Besides the instrumental music she made a soundtrack in surround sound, also based on the data from the laser research. ‘The soundtrack has four layers, which refer to as many times at which the measurements take place. At night you can sometimes see the objects when they’re caught in the laser beams. You think they are stars, but because they make strange movements, you know that they are pieces of space grit, very scary.’

Miserere

For the recording Moore cut up the famous Miserere by Gregorio Allegri in fragments of 127 syllables, which she recorded herself. In each of the four movements she recites one verse, her voice recording triggered via MIDI. When the waste makes a rising movement, the syllables sound in their normal order, when it falls they are played backwards. The Miserere was very deliberately chosen, says Moore: ‘It refers to Michelangelo’s fresco in the Sistine Chapel, in which Adam and God try to touch each other in vain.’
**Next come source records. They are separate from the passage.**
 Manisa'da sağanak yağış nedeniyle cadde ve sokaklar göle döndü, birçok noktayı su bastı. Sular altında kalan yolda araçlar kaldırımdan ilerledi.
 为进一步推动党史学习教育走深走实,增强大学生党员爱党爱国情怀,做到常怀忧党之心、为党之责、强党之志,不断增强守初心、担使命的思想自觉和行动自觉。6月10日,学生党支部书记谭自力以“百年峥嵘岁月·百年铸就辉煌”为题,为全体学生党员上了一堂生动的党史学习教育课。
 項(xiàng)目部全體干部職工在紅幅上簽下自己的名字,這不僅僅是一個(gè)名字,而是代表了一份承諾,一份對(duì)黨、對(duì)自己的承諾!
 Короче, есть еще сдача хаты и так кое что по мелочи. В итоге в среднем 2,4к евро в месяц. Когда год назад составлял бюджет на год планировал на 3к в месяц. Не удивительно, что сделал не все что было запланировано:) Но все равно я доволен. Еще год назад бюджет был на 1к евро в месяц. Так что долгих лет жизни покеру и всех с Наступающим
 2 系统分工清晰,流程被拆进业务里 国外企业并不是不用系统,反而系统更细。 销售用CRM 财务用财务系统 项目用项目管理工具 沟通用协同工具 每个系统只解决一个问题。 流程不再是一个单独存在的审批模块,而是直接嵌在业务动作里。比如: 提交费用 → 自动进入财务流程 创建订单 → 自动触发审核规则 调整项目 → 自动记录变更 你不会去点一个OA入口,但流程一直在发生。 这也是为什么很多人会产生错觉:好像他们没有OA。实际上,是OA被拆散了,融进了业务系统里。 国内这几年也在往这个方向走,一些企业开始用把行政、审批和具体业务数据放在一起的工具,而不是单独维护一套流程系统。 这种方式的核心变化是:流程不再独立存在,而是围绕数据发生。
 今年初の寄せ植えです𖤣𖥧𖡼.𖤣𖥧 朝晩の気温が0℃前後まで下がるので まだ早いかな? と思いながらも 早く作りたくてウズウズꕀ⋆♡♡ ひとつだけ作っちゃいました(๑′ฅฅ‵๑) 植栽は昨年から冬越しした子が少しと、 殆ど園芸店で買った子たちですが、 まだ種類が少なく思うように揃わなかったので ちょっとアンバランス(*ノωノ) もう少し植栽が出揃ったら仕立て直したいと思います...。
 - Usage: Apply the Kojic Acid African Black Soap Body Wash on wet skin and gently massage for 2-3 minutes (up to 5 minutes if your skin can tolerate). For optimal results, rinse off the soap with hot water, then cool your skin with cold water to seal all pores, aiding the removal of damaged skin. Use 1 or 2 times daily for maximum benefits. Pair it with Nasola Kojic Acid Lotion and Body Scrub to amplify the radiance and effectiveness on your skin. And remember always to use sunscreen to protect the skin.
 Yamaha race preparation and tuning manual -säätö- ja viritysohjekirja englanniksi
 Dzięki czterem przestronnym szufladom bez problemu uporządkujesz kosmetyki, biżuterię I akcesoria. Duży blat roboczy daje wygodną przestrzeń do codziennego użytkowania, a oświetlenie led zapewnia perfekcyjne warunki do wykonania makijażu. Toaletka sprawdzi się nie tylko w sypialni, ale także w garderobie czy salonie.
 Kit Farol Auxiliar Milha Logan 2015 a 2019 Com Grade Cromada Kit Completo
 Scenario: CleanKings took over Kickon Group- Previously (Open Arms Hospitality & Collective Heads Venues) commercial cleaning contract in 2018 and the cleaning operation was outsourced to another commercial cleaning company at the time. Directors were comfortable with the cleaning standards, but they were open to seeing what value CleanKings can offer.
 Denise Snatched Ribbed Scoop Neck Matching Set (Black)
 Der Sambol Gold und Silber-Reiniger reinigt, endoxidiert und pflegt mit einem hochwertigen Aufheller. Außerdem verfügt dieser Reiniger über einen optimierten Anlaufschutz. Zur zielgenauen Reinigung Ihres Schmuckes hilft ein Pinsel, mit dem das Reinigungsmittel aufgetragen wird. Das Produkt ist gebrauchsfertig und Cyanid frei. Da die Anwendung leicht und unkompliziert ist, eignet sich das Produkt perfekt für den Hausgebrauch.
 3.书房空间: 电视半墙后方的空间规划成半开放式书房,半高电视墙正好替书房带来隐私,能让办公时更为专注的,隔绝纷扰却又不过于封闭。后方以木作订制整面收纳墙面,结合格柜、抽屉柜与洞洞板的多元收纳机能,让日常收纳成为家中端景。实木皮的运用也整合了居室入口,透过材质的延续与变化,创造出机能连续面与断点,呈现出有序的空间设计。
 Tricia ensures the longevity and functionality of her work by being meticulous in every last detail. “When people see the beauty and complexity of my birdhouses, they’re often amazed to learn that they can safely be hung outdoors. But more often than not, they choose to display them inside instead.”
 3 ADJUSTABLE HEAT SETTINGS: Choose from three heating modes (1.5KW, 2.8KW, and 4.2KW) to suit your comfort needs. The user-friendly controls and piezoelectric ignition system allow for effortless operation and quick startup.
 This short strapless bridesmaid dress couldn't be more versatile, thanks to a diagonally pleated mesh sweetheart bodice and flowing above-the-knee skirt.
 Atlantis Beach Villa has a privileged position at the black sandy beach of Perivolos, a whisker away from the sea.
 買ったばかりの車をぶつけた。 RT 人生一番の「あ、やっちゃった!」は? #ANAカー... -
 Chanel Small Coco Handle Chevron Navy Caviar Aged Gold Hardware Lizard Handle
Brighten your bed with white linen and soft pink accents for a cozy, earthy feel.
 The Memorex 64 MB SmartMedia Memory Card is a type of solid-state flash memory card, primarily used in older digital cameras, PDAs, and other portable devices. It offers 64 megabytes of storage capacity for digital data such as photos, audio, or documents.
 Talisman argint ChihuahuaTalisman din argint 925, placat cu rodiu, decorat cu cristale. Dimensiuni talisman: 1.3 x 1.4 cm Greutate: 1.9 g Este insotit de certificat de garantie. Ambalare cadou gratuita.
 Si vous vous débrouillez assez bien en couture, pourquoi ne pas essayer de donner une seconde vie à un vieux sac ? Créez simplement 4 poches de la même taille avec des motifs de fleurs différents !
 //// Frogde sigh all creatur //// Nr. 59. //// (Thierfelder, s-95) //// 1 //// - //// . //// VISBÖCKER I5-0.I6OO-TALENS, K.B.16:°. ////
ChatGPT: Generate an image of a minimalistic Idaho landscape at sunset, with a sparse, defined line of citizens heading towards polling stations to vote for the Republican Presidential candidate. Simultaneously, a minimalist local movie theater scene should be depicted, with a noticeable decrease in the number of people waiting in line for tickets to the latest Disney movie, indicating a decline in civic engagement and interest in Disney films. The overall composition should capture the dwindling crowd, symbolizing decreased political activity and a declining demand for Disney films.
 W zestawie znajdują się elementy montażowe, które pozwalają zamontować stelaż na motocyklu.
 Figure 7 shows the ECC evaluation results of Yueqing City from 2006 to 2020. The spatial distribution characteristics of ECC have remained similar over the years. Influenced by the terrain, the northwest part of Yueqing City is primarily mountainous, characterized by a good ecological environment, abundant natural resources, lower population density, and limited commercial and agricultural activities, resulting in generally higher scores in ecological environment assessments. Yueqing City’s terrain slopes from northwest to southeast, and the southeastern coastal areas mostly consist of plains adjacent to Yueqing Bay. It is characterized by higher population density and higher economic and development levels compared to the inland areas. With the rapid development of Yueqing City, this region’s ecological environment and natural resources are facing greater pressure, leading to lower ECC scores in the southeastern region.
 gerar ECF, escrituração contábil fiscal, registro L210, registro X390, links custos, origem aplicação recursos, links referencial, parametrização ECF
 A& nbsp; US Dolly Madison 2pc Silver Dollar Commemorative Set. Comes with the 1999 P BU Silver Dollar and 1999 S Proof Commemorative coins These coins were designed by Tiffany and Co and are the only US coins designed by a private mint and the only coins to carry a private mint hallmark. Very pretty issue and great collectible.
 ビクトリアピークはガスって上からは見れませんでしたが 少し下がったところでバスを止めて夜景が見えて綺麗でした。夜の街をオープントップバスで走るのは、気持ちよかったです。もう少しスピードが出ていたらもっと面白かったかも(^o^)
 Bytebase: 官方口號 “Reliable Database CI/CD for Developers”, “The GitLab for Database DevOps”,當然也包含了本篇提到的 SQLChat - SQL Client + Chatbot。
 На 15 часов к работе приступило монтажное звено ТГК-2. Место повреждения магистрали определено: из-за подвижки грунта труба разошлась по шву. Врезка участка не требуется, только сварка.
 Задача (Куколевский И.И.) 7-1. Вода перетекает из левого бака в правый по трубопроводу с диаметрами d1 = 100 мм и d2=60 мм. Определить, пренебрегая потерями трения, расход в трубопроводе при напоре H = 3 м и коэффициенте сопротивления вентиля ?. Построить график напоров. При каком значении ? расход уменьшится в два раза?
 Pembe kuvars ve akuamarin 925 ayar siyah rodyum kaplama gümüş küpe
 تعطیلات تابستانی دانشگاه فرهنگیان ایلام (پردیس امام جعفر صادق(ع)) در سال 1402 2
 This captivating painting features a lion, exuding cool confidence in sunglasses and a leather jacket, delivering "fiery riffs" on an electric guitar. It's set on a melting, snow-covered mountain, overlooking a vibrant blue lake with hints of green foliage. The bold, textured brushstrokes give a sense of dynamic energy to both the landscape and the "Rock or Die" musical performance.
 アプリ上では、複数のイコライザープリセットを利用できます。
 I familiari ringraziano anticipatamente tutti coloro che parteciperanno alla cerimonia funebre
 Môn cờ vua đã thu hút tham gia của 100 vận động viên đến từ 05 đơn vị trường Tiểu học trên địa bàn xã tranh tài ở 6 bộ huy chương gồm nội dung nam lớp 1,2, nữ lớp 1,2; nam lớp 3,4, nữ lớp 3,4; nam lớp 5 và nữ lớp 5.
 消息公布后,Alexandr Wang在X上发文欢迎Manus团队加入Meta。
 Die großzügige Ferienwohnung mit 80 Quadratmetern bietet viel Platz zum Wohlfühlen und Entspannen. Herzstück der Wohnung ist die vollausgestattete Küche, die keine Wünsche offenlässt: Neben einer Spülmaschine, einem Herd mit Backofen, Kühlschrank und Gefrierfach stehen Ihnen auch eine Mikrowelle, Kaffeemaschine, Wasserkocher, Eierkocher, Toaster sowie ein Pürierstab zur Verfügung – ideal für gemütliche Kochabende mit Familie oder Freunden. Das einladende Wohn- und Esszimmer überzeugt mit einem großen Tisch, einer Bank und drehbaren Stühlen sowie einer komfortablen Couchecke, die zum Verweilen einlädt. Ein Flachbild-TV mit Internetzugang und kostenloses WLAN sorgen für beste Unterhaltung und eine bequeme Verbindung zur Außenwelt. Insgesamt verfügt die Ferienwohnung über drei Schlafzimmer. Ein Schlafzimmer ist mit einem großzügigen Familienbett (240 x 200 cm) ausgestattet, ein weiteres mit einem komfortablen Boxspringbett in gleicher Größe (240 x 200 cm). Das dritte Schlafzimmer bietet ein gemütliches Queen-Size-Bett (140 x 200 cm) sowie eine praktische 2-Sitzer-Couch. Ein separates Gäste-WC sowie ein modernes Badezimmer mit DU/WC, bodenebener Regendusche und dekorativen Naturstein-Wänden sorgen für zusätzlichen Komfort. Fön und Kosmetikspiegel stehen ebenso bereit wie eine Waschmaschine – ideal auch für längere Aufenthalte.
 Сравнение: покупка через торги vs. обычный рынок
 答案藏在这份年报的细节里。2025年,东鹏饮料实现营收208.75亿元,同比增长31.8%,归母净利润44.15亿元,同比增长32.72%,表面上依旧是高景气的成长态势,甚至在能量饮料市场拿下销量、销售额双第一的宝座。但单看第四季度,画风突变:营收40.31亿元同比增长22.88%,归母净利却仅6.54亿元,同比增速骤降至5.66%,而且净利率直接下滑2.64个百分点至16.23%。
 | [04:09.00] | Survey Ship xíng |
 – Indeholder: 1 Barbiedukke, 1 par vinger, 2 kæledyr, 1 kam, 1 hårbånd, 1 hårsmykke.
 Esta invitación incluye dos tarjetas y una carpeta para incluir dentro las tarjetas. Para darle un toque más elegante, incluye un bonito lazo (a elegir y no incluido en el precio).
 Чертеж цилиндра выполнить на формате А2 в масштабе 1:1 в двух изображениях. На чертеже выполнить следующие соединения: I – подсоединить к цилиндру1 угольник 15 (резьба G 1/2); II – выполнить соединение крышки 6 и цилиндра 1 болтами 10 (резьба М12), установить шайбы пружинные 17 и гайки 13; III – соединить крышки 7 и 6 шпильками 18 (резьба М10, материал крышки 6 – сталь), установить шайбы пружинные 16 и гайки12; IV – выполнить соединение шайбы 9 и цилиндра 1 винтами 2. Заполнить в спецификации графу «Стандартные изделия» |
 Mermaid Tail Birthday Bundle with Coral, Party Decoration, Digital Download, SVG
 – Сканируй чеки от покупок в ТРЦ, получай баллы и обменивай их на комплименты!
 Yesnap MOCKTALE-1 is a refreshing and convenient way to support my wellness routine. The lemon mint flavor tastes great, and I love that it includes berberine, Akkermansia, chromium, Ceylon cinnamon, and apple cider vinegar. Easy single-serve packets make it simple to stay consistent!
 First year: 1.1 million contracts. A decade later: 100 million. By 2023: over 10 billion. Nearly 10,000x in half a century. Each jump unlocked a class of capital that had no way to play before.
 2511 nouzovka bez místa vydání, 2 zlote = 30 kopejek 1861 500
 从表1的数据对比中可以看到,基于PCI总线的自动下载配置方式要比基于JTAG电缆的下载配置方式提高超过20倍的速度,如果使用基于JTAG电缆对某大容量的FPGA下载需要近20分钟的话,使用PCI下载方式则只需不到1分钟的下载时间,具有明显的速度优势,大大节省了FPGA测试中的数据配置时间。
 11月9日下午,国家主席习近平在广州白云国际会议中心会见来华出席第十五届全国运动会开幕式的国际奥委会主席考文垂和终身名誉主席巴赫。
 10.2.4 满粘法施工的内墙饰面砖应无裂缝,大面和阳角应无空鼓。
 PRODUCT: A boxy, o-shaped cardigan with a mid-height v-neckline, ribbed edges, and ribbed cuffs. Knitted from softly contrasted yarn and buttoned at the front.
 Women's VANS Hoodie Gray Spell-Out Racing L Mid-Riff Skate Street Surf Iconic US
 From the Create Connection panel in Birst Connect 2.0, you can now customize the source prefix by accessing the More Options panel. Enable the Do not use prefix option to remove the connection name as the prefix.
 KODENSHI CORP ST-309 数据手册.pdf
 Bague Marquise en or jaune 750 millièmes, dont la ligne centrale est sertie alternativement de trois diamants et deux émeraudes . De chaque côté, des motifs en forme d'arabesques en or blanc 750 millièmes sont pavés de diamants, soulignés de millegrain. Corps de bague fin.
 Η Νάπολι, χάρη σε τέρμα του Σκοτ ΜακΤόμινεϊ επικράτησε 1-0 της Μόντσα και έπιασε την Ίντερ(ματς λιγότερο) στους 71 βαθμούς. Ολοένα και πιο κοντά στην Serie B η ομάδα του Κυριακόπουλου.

The Minimal Music Festival runs from Wednesday 3 to Sunday 7 April. It also features a new piano concerto that Vladimir Martynov wrote for Ralph van Raat and Noord Nederlands Orkest. This will be premiered in Muziekgebouw on 4 April. On the programme, too is Future Perfect by The America-Dutch composer Vanessa Lann, which she composed for Oranjewoud Festival 2017. ‘It was inspired by Schubert’s 8th Symphony’, says Lann. ‘It poses the question how this work from 1822 would have sounded had it been written 200 years later, in a modern, minimalistic idiom. Future Perfect lasts 10 minutes, is super rock-and-roll yet winks at the melodies and elegance of Schubert.’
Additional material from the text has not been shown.